Roughly one year has passed. The university removed all those boiler systems, and students returned their water cards. New boilers taking student ID cards as payment methods were installed. According to rumors, these new boilers were superior in all aspects: they were safer and cheaper. The only problem was that:
They were only installed on the first floor.
I lived on the seventh floor. There was no elevator.
Fuck you.
FUCK YOU.
(end)
-
The student ID of my university can be cracked with the same tools. The ID runs on a semi-online model: the card stores information about both your identification and your account transactions. Therefore, if you copy the card, never attempt any financial activity. On the contrary, scenarios where only your identification information was used, like access control, are pretty safe.
-
New students after 2015 are getting upgraded student ID cards. Those cards are "UltraSecure" branded security-enhanced cards, a.k.a. "hardened Mifare Classic 1K cards" in the technical community. Such cards could not be cracked with ordinary mfoc utility. Please search "hardnest attack" for cracking solutions. A clean Linux installation without mfoc and libnfc is advised if you want to try.
-
The employee cards in our affiliated teaching hospital run on a completely opposite model from the water cards - they are purely online. They only store identification tokens, and other sections of the cards are blank. They don't even have encryption. Therefore, all operations, including access control and dining hall transactions, rely on a network connection. Nothing is ever written to the card throughout its lifetime.

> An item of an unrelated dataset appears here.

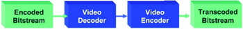 視頻轉(zhuǎn)碼是一個(gè)高運(yùn)算負(fù)荷的過程,需要對(duì)輸入的視頻流進(jìn)行全解碼、視頻過濾/圖像處理、并且對(duì)輸出格式進(jìn)行全編碼。最簡(jiǎn)單的轉(zhuǎn)碼過程(圖3)僅僅涉及到解碼一個(gè)比特流和用不同的編解碼器重新編碼兩個(gè)步驟。這種硬轉(zhuǎn)碼看似很簡(jiǎn)單,只需要一個(gè)解碼器和一個(gè)編碼器,但是最終顯示結(jié)果并不理想,因?yàn)橐曨l數(shù)據(jù)解碼后重新編碼會(huì)降低畫質(zhì)。

For example, my department director has 1,000 bucks on his card. I copied his card and returned him the original. When I swipe my copied card at the register, it says the balance is 1,000 bucks. If the director ordered a deluxe pork ramen at the dining hall and paid 20, and I swipe my copied card again, it would tell me the balance is 980. The card readers will never find out the difference between a real one and a fake one. But my director will, as both cards are linked to his account.